Highlights & Insights

  • Symmetry as a controllable variable for exponents: While most scaling studies measure exponents within a fixed architecture, this work uses a "symmetry-staircase" to cleanly isolate symmetry as the cause of exponent variation.
  • Dual compute metrics debunk the FLOPs illusion: Reporting GPU-hours ensures that the specialized nature of equivariant operations (poor GPU utilization) is accounted for. eSEN maintains the highest exponent even in wall-clock time.
  • Correction of "Exponent vs. Constant Factor" intuition: The paper demonstrates that symmetry changes the slope rather than just the intercept of the power law. The magnitude of this effect suggests symmetry does more than just reduce degrees of freedom.

Limitations & Future Work

  • Limitations acknowledged by authors: (1) Analysis is limited to single-epoch, academic-scale settings; (2) Only one simple form of symmetry loss was tested; (3) Architecture-agnostic equivariance methods (e.g., frame averaging) were not covered; (4) Impact of denoising pre-training was not evaluated.
  • Potential improvements: Developing a theory to explain why the 3D rotation group causes such massive changes in scaling exponents; extending the hierarchy to industrial-scale foundation models with denoising objectives.
  • vs.

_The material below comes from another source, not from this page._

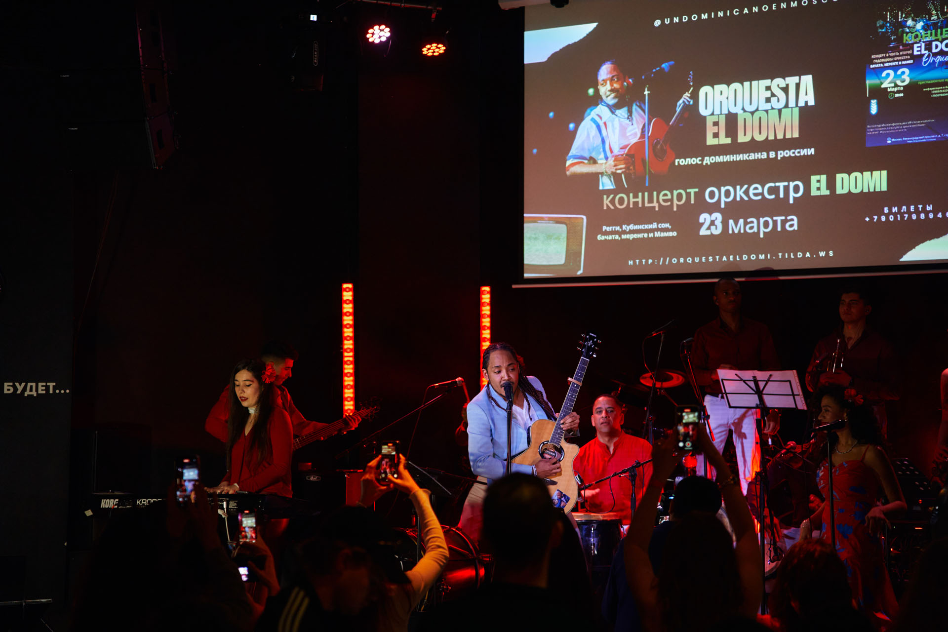 Moscú, Rusia– El pasado 23 de Marzo la inigualable Orquesta EL DOMI presentó un concierto en honor a su segundo aniversario. El concierto celebrado en el loft Belka en el centro de Moscú estuvo a tope. Además, no solo fue una noche llena de bachata, merengue y mambo, sino que también el público pudo disfrutar de una oleada de música caribeña, ya que se estuvieron presentando dos increíbles agrupaciones: Angelique Jackson quien deleitó con su voz al ritmo de la música jamaiquina, y Eduardo Breff con su banda El Son del Son, que con su música cubana puso a bailar a todos.

Brehmer et al. (2025): Brehmer reported that non-equivariant models have larger parameter exponents \(\alpha\) and might catch up to equivariant models; this paper finds the opposite. The discrepancy likely stems from task differences and how "scaling" is defined.
  • vs. Kaplan / Hoffmann (Language Scaling): This work recovers the Chinchilla-style \(N \propto D\) scaling but breaks the empirical precedent that architectures share the same exponent.
  • vs. Batzner et al. (2022): Previous work observed architecture-dependent scaling only in the data dimension; this paper provides a complete picture across \(C, D,\) and \(N\) with dual compute metrics.

Rating

  • Novelty: ⭐⭐⭐⭐⭐ Challenges the "scale replaces symmetry" narrative with clean experimental evidence.
  • Experimental Thoroughness: ⭐⭐⭐⭐⭐ Four architectures, three axes, dual compute metrics, plus several detailed ablations.
  • Writing Quality: ⭐⭐⭐⭐ Clear logic and rich tables, though requires familiarity with scaling law fitting to grasp fully.
  • Value: ⭐⭐⭐⭐⭐ Provides empirical recipes and evidence for explicit symmetry encoding in large-scale geometric AI.